(WORK TO BE COMPLETED):
Give back every line of the data exactly. Pictures are not part of the copy.

(ENTRIES SUPPLIED):
-=-=-

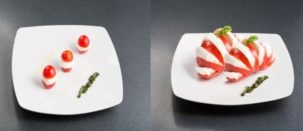 两份番茄沙拉的差别主要在摆盘。一份是3个精致的小番茄,巧妙地排在盘子的对角线上,一份则是2只个头更大的番茄切片。实验结果表明,被试们认为左边这盘外观更有吸引力,显得更优雅。
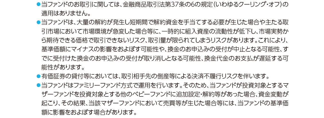運用状況によっては、分配金額が変わる場合、あるいは分配金が支払われない場合があります。投資信託は、預金等や保険契約ではありません。また、預金保険機構および保険契約者保護機構の保護の対象ではありません。加えて証券会社を通して購入していない場合には投資者保護基金の対象にもなりません。購入金額については元本保証および利回り保証のいずれもありません。投資した資産の価値が減少して購入金額を下回る場合がありますが、これによる損失は購入者が負担することとなります。
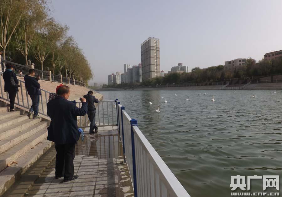 庫爾勒市民給天鵝拍照留念
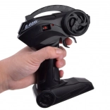 Fjernbetjeningen fungerer på en frekvens på 2,4 GHz, hvilket giver en stabil forbindelse og muliggør præcis styring af bilen.
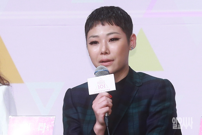 랩퍼 치타가 21일 오후 서울 여의도 63컨벤션에서 열린 Mnet <프로듀스 101> 제작발표회에서 기자들의 질문에 답변하고 있다.
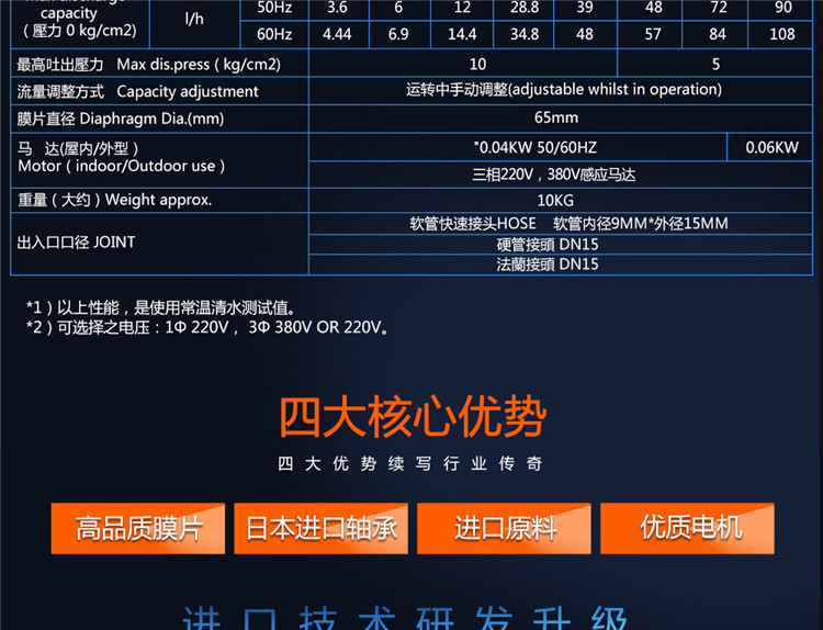 ●泵在运行或停止的状态中都可以调节流量(手动调节);
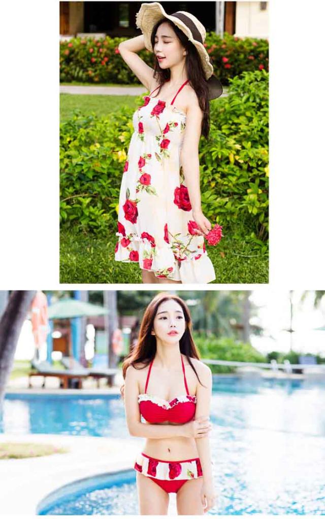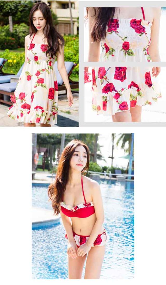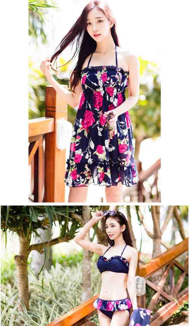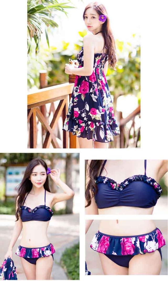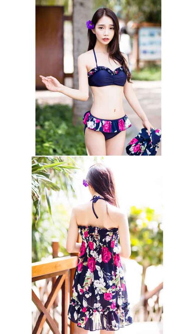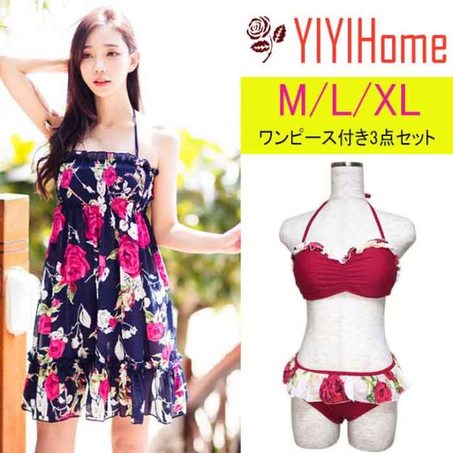 新作 水着 レディース ビキニ 3点セット 女性用 大人 セクシー 可愛い 体型カバー 女の子 ママ ワンピース付き
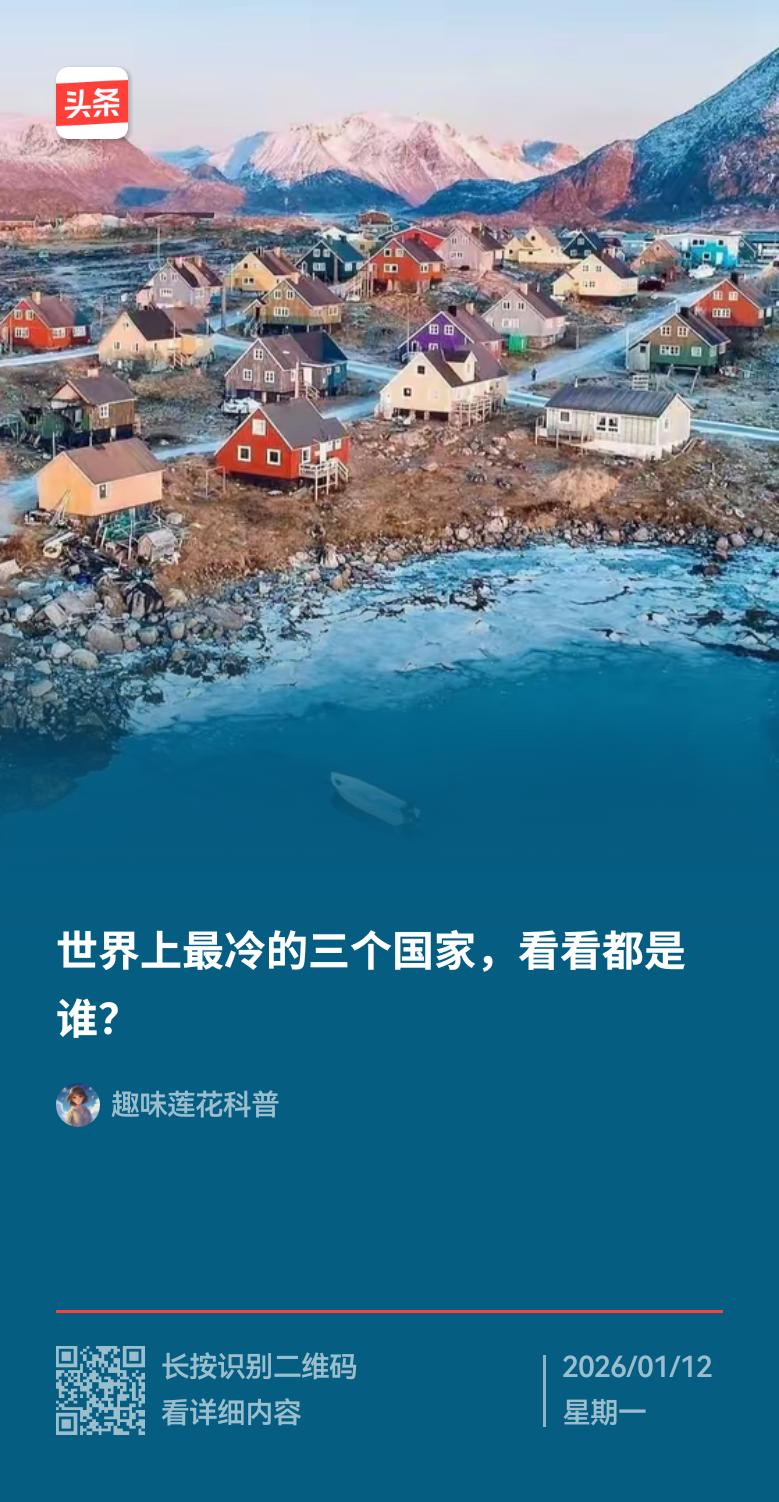 原来格陵兰岛的气温是我们想不到的,介绍文章都说这个世界第一大岛,常年冰雪覆盖,零下三五十度,以为那是个相当寒冷的地方,要比我们黑龙江黑黑河还要冷的多。 我到小区超市买东西,几个熟人正在屋里唠嗑,说美国拼命的想要那个岛,那么冷的地方,鸟都不拉屎,要它干什么? 我也是这么认为的,听他们一说 ,我拿出手机,点开豆包一问,答案来了,岛上绝大部分是那个样子,但是在南部西部有几片地方气候温和,那些寒冷的地方没有人居住,只有勘探队,科考人员,偶尔待上几天。 首都附近冬季(12-2月)平均气温-3度到-10度,夏季(6~8月)平均气温3度到10度,我们黑河,今天比前些天暖和一些,气温是零下26度至零下16度,当然我们这里夏季气温挺高,最高温度能达到30度,记得前些年的夏季最高温度是39度。 豆包回答,格陵兰岛有比较温暖的地方,是受北太平洋暖流微弱的影响。 原来人家格陵南岛一部靠近北冰洋,却比我们黑河这个地方暖和多了,出门就北风刺骨的人,还可怜格陵兰岛的人呢。
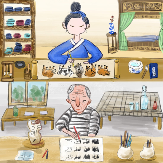 上图为韩滉在画《五牛图》。下图为毕加索在画《公牛》。
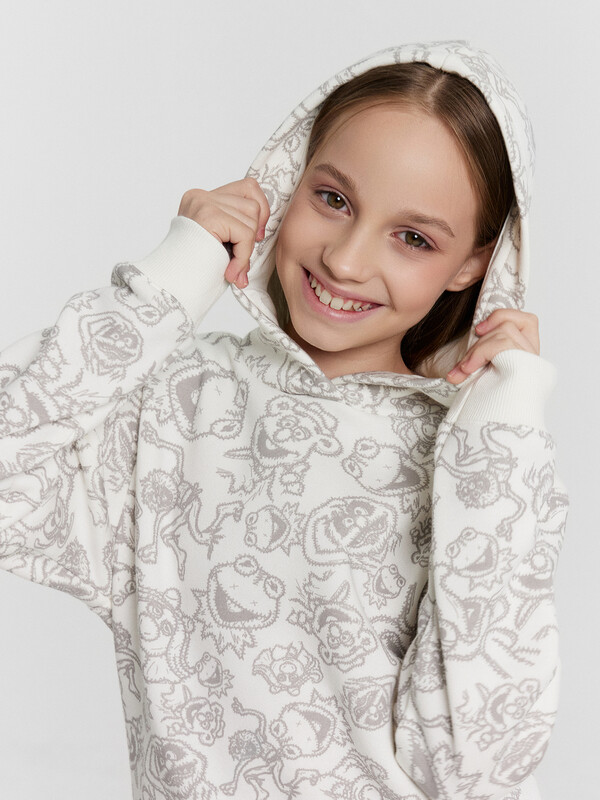 Худи из нежного футера с теплым подчесом. Силуэт прямой и свободный, рукава длинные на манжетах, линия плеча слегка спущена. Уюта добавляет просторный мягкий капюшон на подкладке. Отличный вариант с очень интересным дизайном!
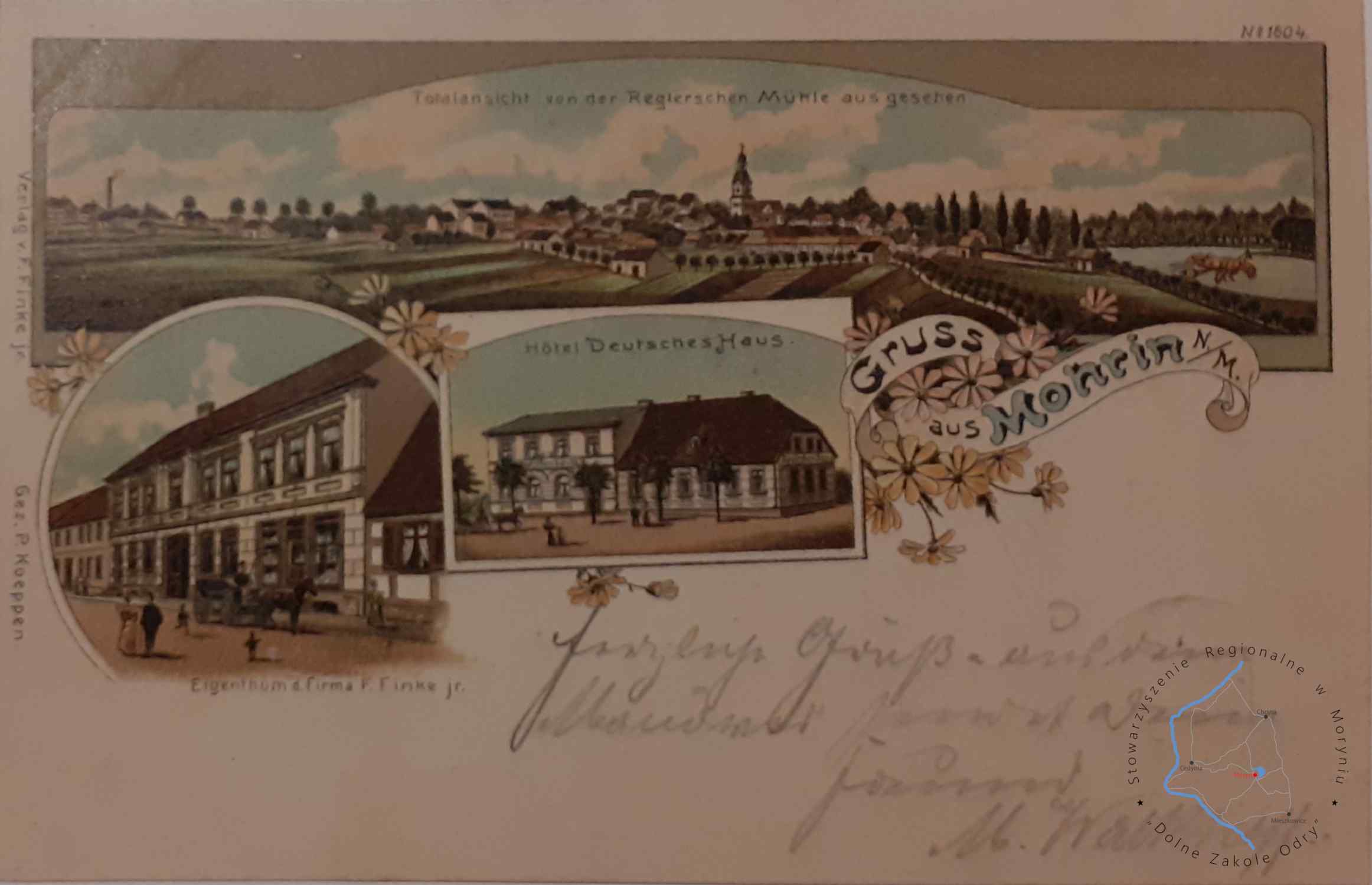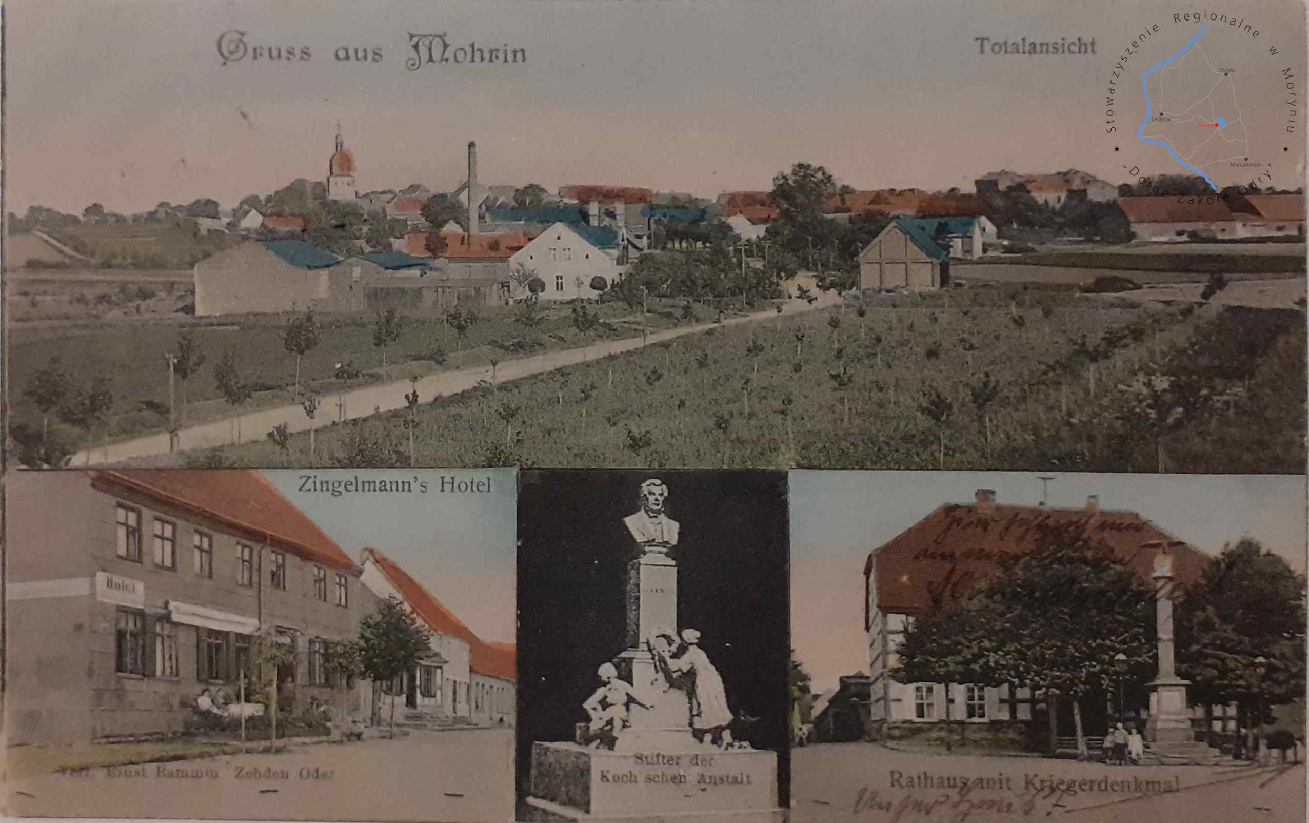 Pocztówka z obiegu, poczta 29. 8. 1904MORYŃ Pocztówka wielowidokowa, Hotel Zingelmann. Materiały, wina i browary W....

-=-=-

(ANSWER SPACE):
 两份番茄沙拉的差别主要在摆盘。一份是3个精致的小番茄,巧妙地排在盘子的对角线上,一份则是2只个头更大的番茄切片。实验结果表明,被试们认为左边这盘外观更有吸引力,显得更优雅。
運用状況によっては、分配金額が変わる場合、あるいは分配金が支払われない場合があります。投資信託は、預金等や保険契約ではありません。また、預金保険機構および保険契約者保護機構の保護の対象ではありません。加えて証券会社を通して購入していない場合には投資者保護基金の対象にもなりません。購入金額については元本保証および利回り保証のいずれもありません。投資した資産の価値が減少して購入金額を下回る場合がありますが、これによる損失は購入者が負担することとなります。
 庫爾勒市民給天鵝拍照留念
 Fjernbetjeningen fungerer på en frekvens på 2,4 GHz, hvilket giver en stabil forbindelse og muliggør præcis styring af bilen.
 랩퍼 치타가 21일 오후 서울 여의도 63컨벤션에서 열린 Mnet <프로듀스 101> 제작발표회에서 기자들의 질문에 답변하고 있다.
 ●泵在运行或停止的状态中都可以调节流量(手动调节);
 新作 水着 レディース ビキニ 3点セット 女性用 大人 セクシー 可愛い 体型カバー 女の子 ママ ワンピース付き
 原来格陵兰岛的气温是我们想不到的,介绍文章都说这个世界第一大岛,常年冰雪覆盖,零下三五十度,以为那是个相当寒冷的地方,要比我们黑龙江黑黑河还要冷的多。 我到小区超市买东西,几个熟人正在屋里唠嗑,说美国拼命的想要那个岛,那么冷的地方,鸟都不拉屎,要它干什么? 我也是这么认为的,听他们一说 ,我拿出手机,点开豆包一问,答案来了,岛上绝大部分是那个样子,但是在南部西部有几片地方气候温和,那些寒冷的地方没有人居住,只有勘探队,科考人员,偶尔待上几天。 首都附近冬季(12-2月)平均气温-3度到-10度,夏季(6~8月)平均气温3度到10度,我们黑河,今天比前些天暖和一些,气温是零下26度至零下16度,当然我们这里夏季气温挺高,最高温度能达到30度,记得前些年的夏季最高温度是39度。 豆包回答,格陵兰岛有比较温暖的地方,是受北太平洋暖流微弱的影响。 原来人家格陵南岛一部靠近北冰洋,却比我们黑河这个地方暖和多了,出门就北风刺骨的人,还可怜格陵兰岛的人呢。
 上图为韩滉在画《五牛图》。下图为毕加索在画《公牛》。
 Худи из нежного футера с теплым подчесом. Силуэт прямой и свободный, рукава длинные на манжетах, линия плеча слегка спущена. Уюта добавляет просторный мягкий капюшон на подкладке. Отличный вариант с очень интересным дизайном!
 Pocztówka z obiegu, poczta 29. 8. 1904MORYŃ Pocztówka wielowidokowa, Hotel Zingelmann. Materiały, wina i browary W....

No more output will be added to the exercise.